- 1958 cover

Compilation album by Perry Como
- Released: 1955 (10-inch LP) 1958 (12-inch LP)
- Label: RCA Victor

Perry Como chronology
| I Believe (1953) | Como's Golden Records (1955) | So Smooth (1955) |

= Como's Golden Records =

Como's Golden Records is a compilation album by Perry Como released by RCA Victor in late 1954 or early 1955.

According to Billboard, the album's title referred to the fact that the songs it compiled were "Golden Records" — the ones that "sold over a million". It had songs from as early as 1945 and up to one of Como's (then) latest hits – "Wanted".

== Release ==
The album, originally released with a gold cover, compiled eight tracks and was available in two formats: as a 10-inch LP record (cat. no. LPM-3224) and as a double-EP record in a gatefold sleeve (EPB-3224).

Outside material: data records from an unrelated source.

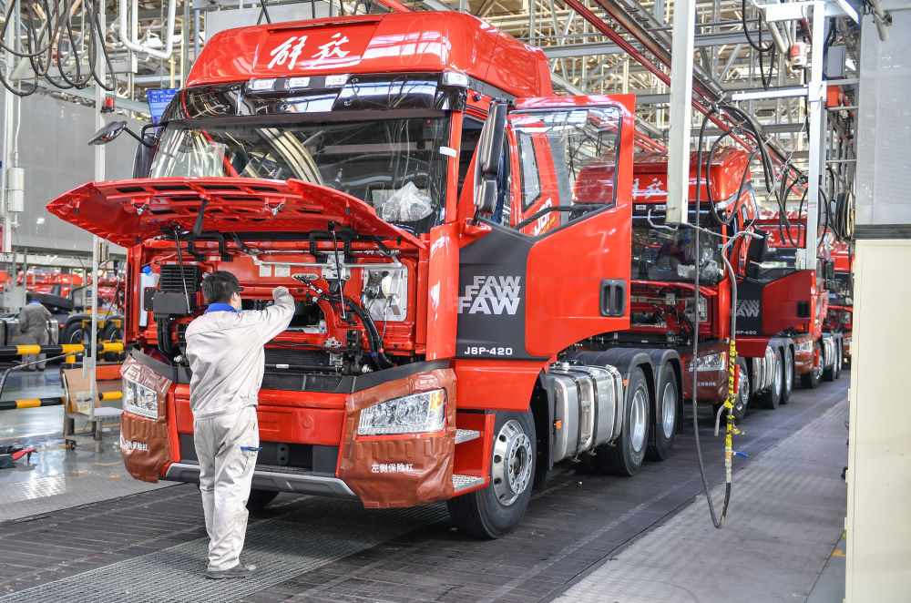 工人在位于长春的一汽解放总装车间装配车辆(2021年1月5日摄)。新华社记者 张楠 摄
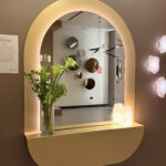 Conceito: Espelho decorativo com prateleira funcional e iluminação ambiente integrada
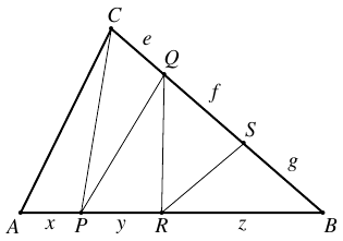 Az $ ABC $ háromszöget az ábra szerint feldaraboljuk öt egyenlő területű háromszögre. A keletkezett öt kis háromszög azon oldalainak hossza, amelyek az $ ABC $ háromszög oldalaira esnek, egész számok. Legalább mekkora az $ ABC $ háromszög kerülete?
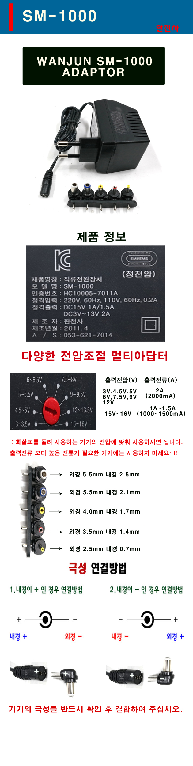 완전사 SM-1000 SMPS 정전압 직류전원장치 멀티 만능 아답터 3V~16V 1A~2A
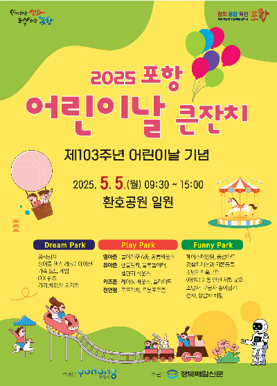경상북도에서는 5월 어린이날을 맞아 지역별로 다채로운 프로그램이 준비되어 있습니다. 행사에 참가해 아이들이 가족과 함께 특별한 추억을 만들 수 있도록 즐겨보세요~

In 1958, the album was reissued as a 12-inch LP with a new cover and catalog number, LOP 1007. The new version had 14 tracks, seven on each side. In 1959, the album was reissued again, under revised catalog number LPM-1981; the contents were not changed.

== Reception ==

Billboard reviewed the 10-inch LP in its issue from 26 February 1955, praising the "attractive gold album cover". "It's a clever packaging idea, and should pay off well in sales," wrote the reviewer, also noting "the liner commentary by Irving Berlin", saying that it enhanced the "prospects of the LP". The album was awarded a rating of 78 points out of 100.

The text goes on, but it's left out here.